In The Round- Fur on the carcass
Green- Skinned but not fleshed and streatched
Put Up- skinned fleshed and stretched
Not sure about the 4 coil, the size of spring maybe.


----------



## c_matt92 (Jan 17, 2008)

I think I got it. Does it mean that there are 4 coils, one at every corner of the pan for lack of a better description? I finally found some traps 4 coil kits on them, and that is what I noticed was different. These were on bigger traps, so is this done with the smaller ones?


----------



## ND trapper (Nov 14, 2006)

c_matt92 said:


> I think I got it. Does it mean that there are 4 coils, one at every corner of the pan for lack of a better description? I finally found some traps 4 coil kits on them, and that is what I noticed was different. These were on bigger traps, so is this done with the smaller ones?


Yes to both questions but I think that it is overkill on the smaller traps.


----------



## c_matt92 (Jan 17, 2008)

Thanks ND.


----------



## MO_coon-catcher (Oct 22, 2007)

with four coiling if I laminate my 1 1/2s then should I four coil them


----------



## ND trapper (Nov 14, 2006)

MO_coon-catcher said:


> with four coiling if I laminate my 1 1/2s then should I four coil them


No. 4 coil on a 1.5 is extreme overkill. That much power applied to a small jaw spread of a 1.5 will result in broken bones and animal losses. Put in some #2 music wire springs.

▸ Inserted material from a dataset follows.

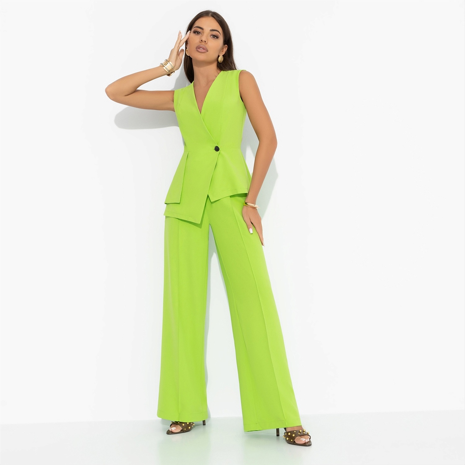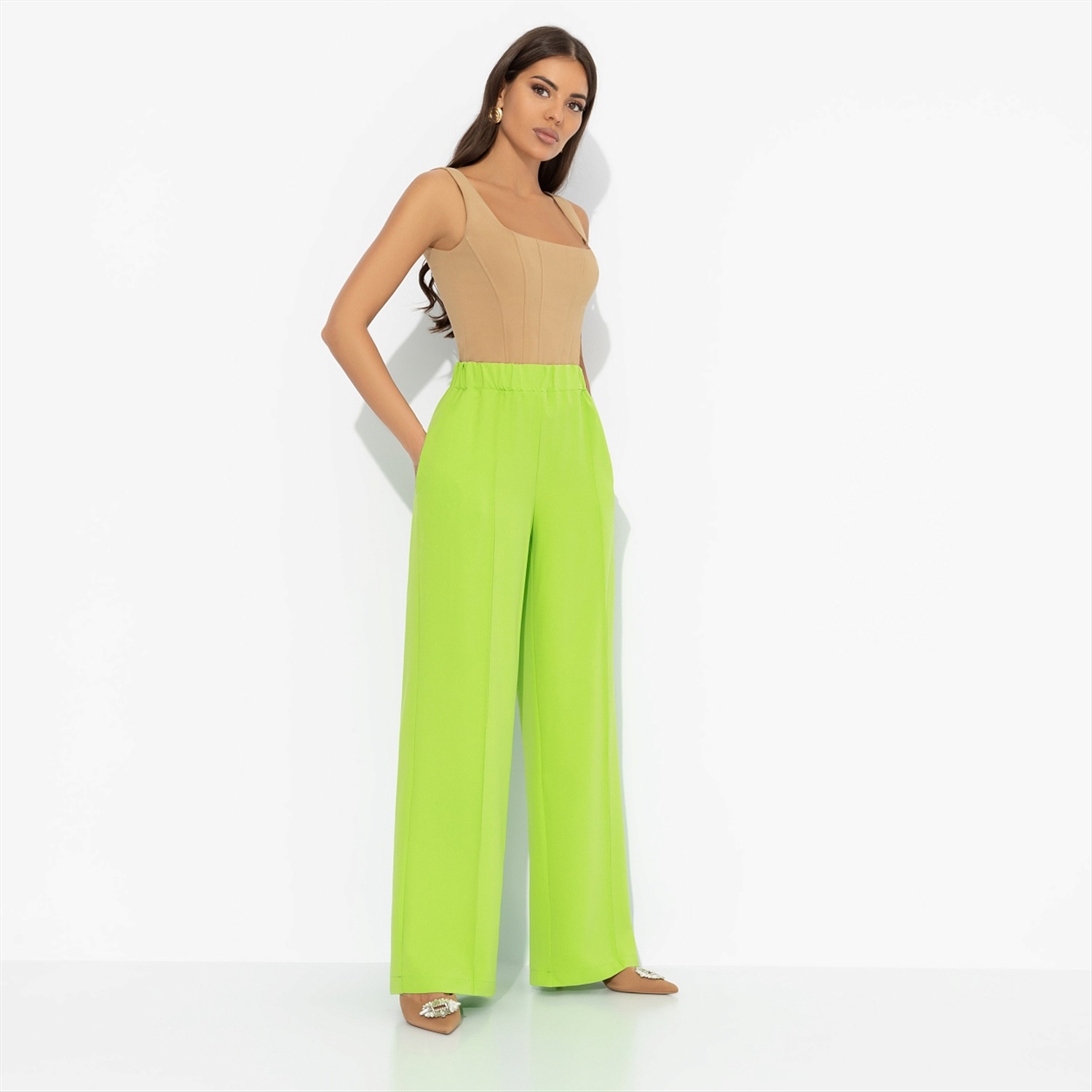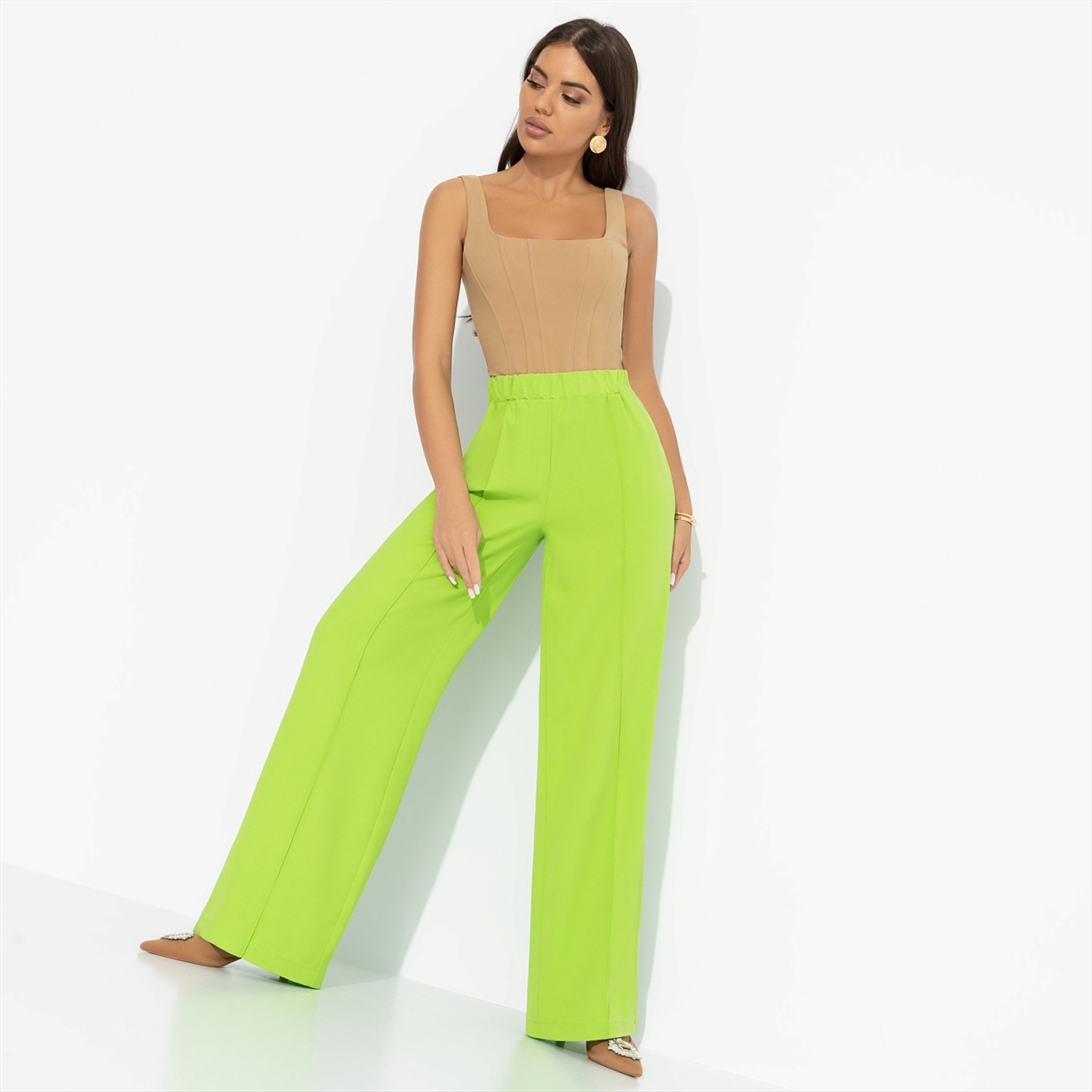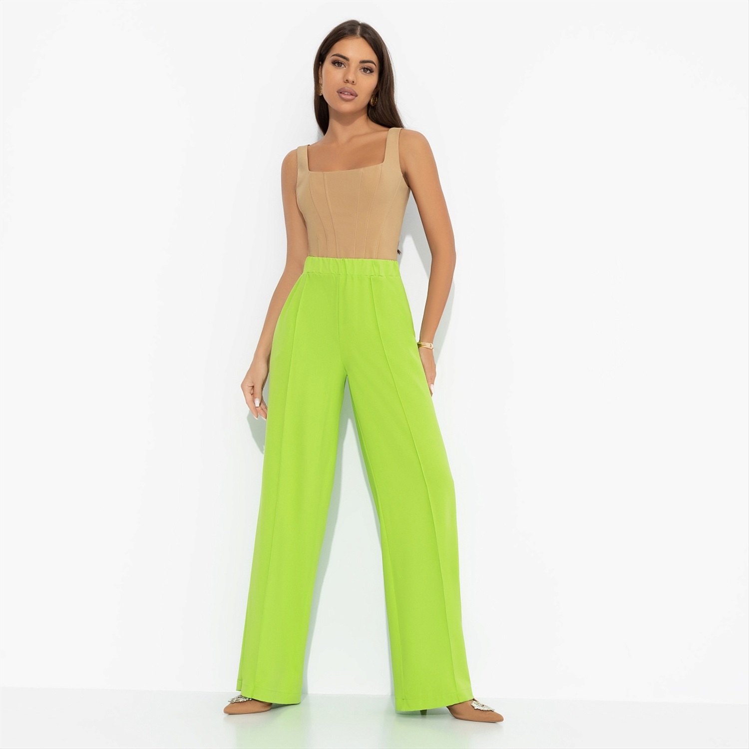 Брюки со стрелками на резинке, Создавай настроение (лайм) 6 фото

You trap will hold coyote, fox, and **** with out any issues.


----------



## ARhunttrap07 (Dec 5, 2007)

ND IS RIGHT THATS WAY TO MUCH OVER KILL. IF YOUR TRAPPIN FOX COYOTE AND BOBCAT WITH ATLEAST A NUMBER 2 OR BIGGER 4 COIL WOULD BE OK AND ON OFFSETS IN THE JAW HELPS. YOU WONT HAVE AS MANY BROKEN BONES


----------